Of greatest relevance to the UMN Epigenetics Consortium is my published and preliminary work on the role of

DNA Methylation in chronic pain. Of note, we have demonstrated that i) epigenetic control of the sparc gene in

human and rodent intervertebral discs is associated with chronic low back pain, ii) chronic pain following nerve

injury in rodents is associated with wide-spread and changes in DNA methylation in the frontal cortex and in T

cells, iii) neuropathic pain-related cortical changes in methylation can be reversed by SAMe and physical

exercise (both of these treatments attenuate behavioral signs of pain in animal models, iv) there is a DNA

methylation signature in the T cells of humans with chronic LBP vs. controls, v) DNA methylation is

reprogrammed in degenerating intervertebral discs obtained from back pain patients vs. controls and finally, vi)

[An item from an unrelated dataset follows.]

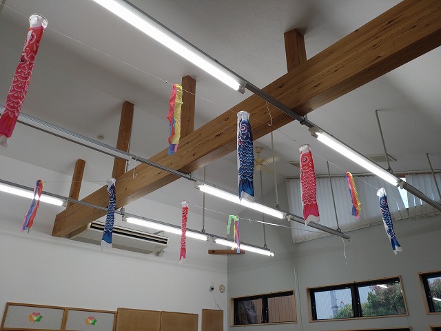 外から入ってくる風により、こいのぼりの歌にあるように面白そうに泳いでおります。
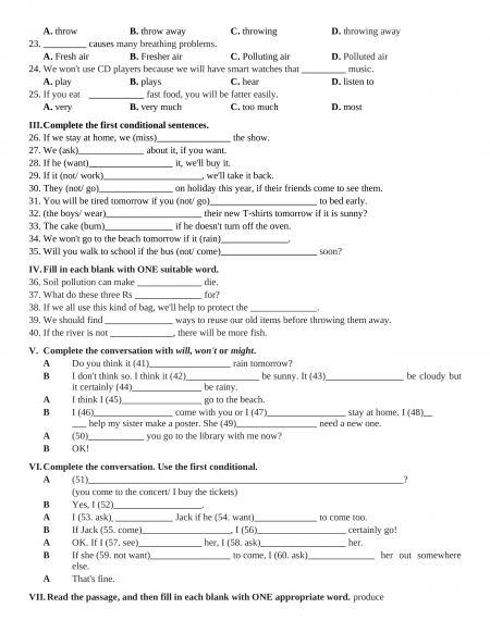 I don't think so. I think it (42) be sunny. It (43) be cloudy but it certainly (44) be rainy. A I think I (45) go to the beach. B I (46) come with you or I (47) stay at home. I (48)

prenatal stress is associated with altered DNA methylation machinery and increased pain responses following

nerve injury in subsequent adults.

Dr. Wei's lab is interested in regulatory pathways and underlying mechanisms in diseases related to the endocrine system, innate immunity and brain/neuron functions. Key targets of investigation are: a) hormone (vitamin A) signaling pathways that involve nuclear receptors and coregulators (chromatin remodeling), and b) extra-nuclear signals for post-transcriptional events (cytoplasmic signalsome, exosome, RNA transport and translation). Major experimental systems include genetic mouse models (CRISPR-edited), as well as in vitro models using primary neuron, macrophage, adipocyte and embryonic stem cell. Integrated methodologies include molecular, biochemical, immunological and neurological techniques. The ultimate goal is to understand disease mechanism for therapeutics development. Recent emphases are placed on a) identifying new therapeutic targets of inflammatory diseases (macrophage malfunction) and neurological diseases (neuronal stress and motor neuron diseases related to neuromuscular junction defects), and b) developing small molecular therapeutics for these diseases.